Task material —
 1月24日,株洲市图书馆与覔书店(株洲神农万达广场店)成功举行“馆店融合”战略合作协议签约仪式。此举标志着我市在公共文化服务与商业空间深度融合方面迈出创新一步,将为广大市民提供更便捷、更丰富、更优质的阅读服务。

...

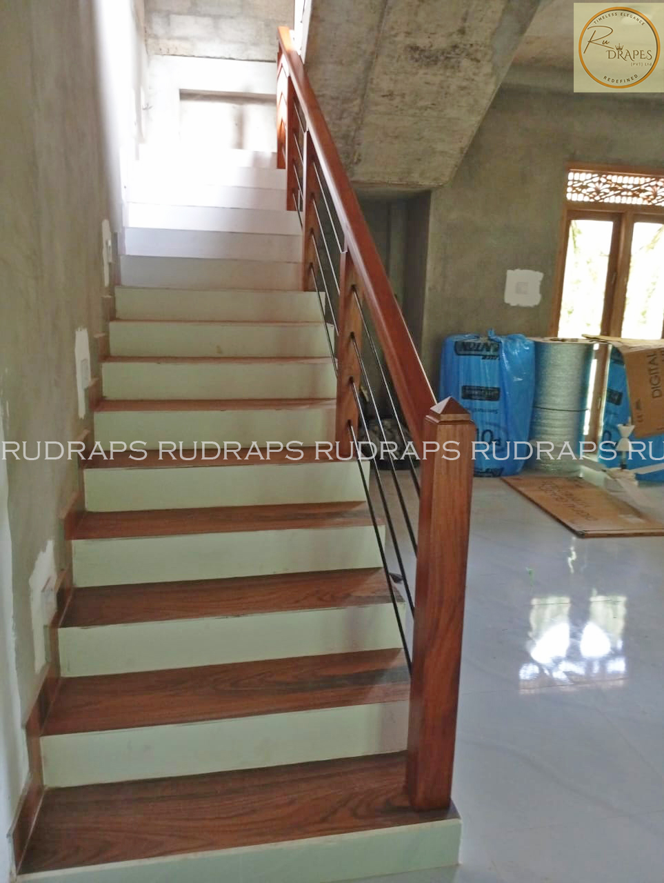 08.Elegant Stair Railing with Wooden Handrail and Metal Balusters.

--

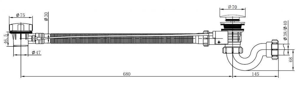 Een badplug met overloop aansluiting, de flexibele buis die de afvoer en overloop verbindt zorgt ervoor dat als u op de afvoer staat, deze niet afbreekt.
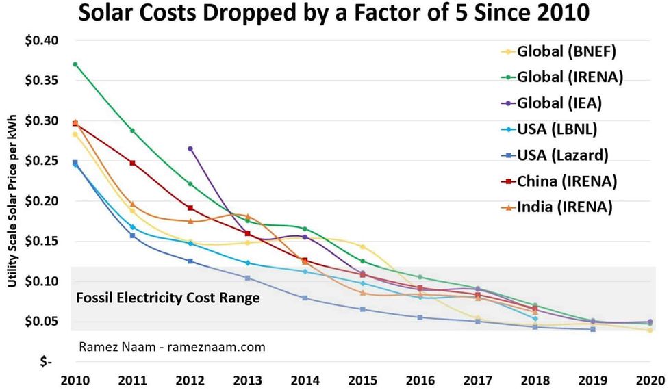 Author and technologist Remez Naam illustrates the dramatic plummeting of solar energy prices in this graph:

What is being asked — Reproduce the lines above starting at the one with "Een badplug met" and ending at the one with "Author and technologist", both included, exactly and with no pictures.

Exercise output —
 Een badplug met overloop aansluiting, de flexibele buis die de afvoer en overloop verbindt zorgt ervoor dat als u op de afvoer staat, deze niet afbreekt.
 Author and technologist Remez Naam illustrates the dramatic plummeting of solar energy prices in this graph:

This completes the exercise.